# Christmas Mountain Cottages



## klisow (Apr 13, 2015)

Are the cottages done with renovations. Does anyone have pictures or know where I can go to see what the renovations look like?


----------



## lily28 (Apr 13, 2015)

I was there last week.  I was told the renovation are done. I did not take any pictures.
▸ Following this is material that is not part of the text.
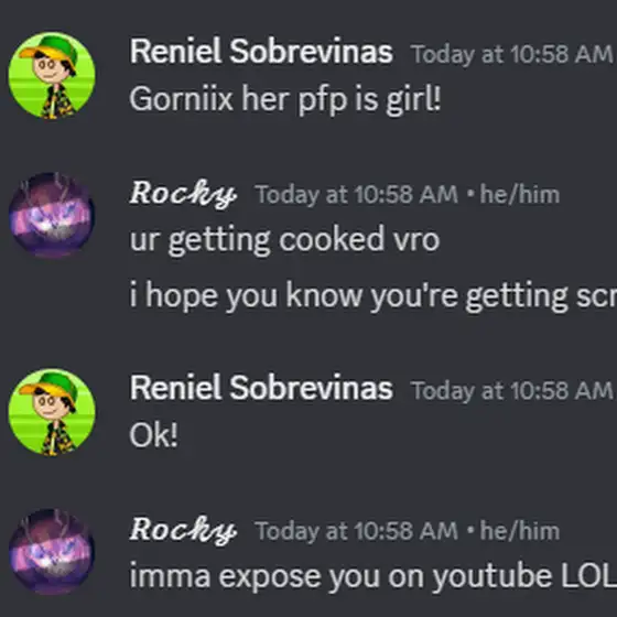 āŖ@renyellancer7168⬠we're done with you, you posted cp in our server again and raided us once again. i don't care what you do, but i'm gonna tell you this. LEAVE US ALONE. we have never did anything to you, and we're getting sick and tired of your disgusting behavior. you even raided other public servers just to harass us on there, and when we called you out, you LIED to the moderators, which never worked. you should be in prison for the shit you have done to us, but the fact of you being back? ooohh no buddy, you're not coming back, and i made sure of it. this will be the last time i'll be talking about you on my channel, as i'm going to move on as i don't need to worry about you anymore (even though i never did.) go ahead. share my post and make yourself look guilty to your friends, as they don't and never did deserve you.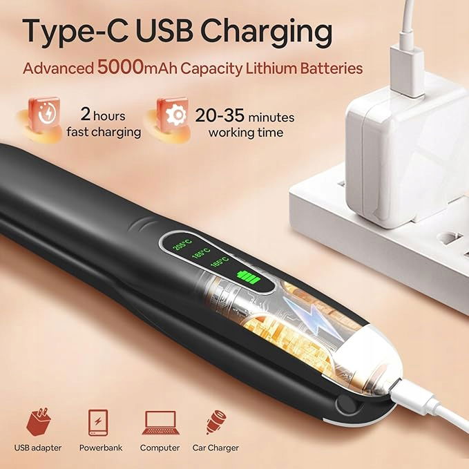 SUNMAY Voga bezprzewodowa prostownica do włosów i lokówka 2 w 1, ładowalna prostownica USB, bezprzewodowa mini prostownica podróżna z 3 regulowanymi temperaturami, akumulator 5000 mA (czarna)

It looks better than before the renovation and I won't mind staying there in the future


----------



## silentg (Apr 13, 2015)

Why didn't you take pictures?


----------



## lily28 (Apr 13, 2015)

I usually don't take pictures of any timeshares except the grand luxxe because my relatives and friends are not interested in timeshares.  They already think I am crazy going to so many vacations.  It is pointless to tell them it is very economical to stay in timeshares


----------



## rapmarks (Apr 14, 2015)

no pictures but looks nice.  king size bed in one bedroom, queen int he other, they just about take entire room.   living area looks nice, but cozy, kitchen looks good.


----------



## Bourne (Apr 15, 2015)

http://www.tripadvisor.com/Hotel_Re...Village-Wisconsin_Dells_Wisconsin.html#photos

Flip through the expert photo album/folder as it provides the most detailed view


----------



## rapmarks (Apr 15, 2015)

I don't think any show the inside of the cottage except perhaps one of the king sized bed.

Hotel pictures, wanted to see, as it was torn down in 1998.  We have video of it being built in 1988


----------



## SkyBlueWaters (Aug 21, 2015)

Does anyone know if the resort would give exchangers other than the type indicated on the confirmation?


----------